He nodded. “Trouble was the only time you found Charlie was when he wanted you to find him. When he was hidden and ready. Like he was that day. Here. I remember looking back down the hill, and the lieutenant and the radio guy, Cletis, they were both dead.”
He stopped talking again, took a couple of breaths, had a fit of coughing, then recovered.
I looked around again. All I could see was jungle. I tried to imagine what it must have been like that day. But I couldn’t, not really. All the movies I’d seen, it had to be like that, right?
But I knew that what the old man was talking about wasn’t like any movie I’d ever seen. I closed my eyes, but I still couldn’t see it. Scrunched my eyes tighter. And there was … something. So weird. I couldn’t see anything … but it was like I could hear it. Shooting, stuff exploding, people screaming. It scared me and I opened my eyes quick.
Silence.
“We’ll rest here.” The old man’s voice. “Let me see the rucksack.”

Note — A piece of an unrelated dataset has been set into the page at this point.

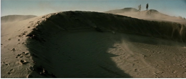
FIGURE 13. Still from Khozhdenie Zi Tri Morya (1958): Wide shot of Central Asian desert landscape.

by night and kill several of the Tver merchants in course of their bloody raid. Scholar Vadim Rudakov places such representations of Tatars as bloodthirsty barbarians among “the worst traditions of the old Soviet films.” In response to a more recent controversy that arose around the persistence of such representations, Wahit Imamov notes that such portrayals of the predominantly Muslim Turko-Mongol Tatars are historically “part of the Kremlin’s determination to use culture to promote Russia’s image as a Slavic, Christian nation.” 25 While Pardesi/Khozhdenie forwards progressive commitments to upending social ills that stem from race, class, and caste hierarchies, religious orthodoxies, and imperial greed, its progressive vision is limited by the blind spots of homogenizing representations that define and visualize Russia and India along majoritarian-nationalist lines of race, religion, and language at the expense of their myriad alternatives. Following the Tatar’s raid, Afanasy and Mikhail continue by foot, motivating wide shots of Central Asian landscapes that are at once constitutive of and marginal to a Russia-centric Soviet visual geography.
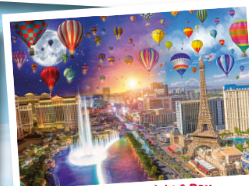
SC59907 - Las Vegas - Night & Day 1000pcs - £14.00

I pulled the backpack off my shoulders and passed it to him. He pulled a couple of oranges out of it and handed me one.
For a few minutes we didn’t say anything, just ate the oranges. When we’d finished, he pulled out a camera and took some pictures of the area around where we were sitting. He didn’t take any pictures of me and didn’t ask me to take any of him. This wasn’t a family holiday at the Grand Canyon.
He put the camera back in the backpack, pulled out a little folding shovel, and handed it to me.
“You’re sitting in a foxhole.”
“Foxhole, that’s what you dug and got down into, right?”
I looked down at the depression I was sitting in. I guessed it had filled in quite a bit since it was a foxhole for some soldier.
“Yeah. These ones weren’t very deep. We didn’t have much time. They were still shelling the shit out of us and giving it to us pretty good with AK-47’s at the same time. From over there was the worst.” He pointed to the right. The jungle was thickest there. Maybe it was back then too. “That’s where I saw that first guy I shot at.”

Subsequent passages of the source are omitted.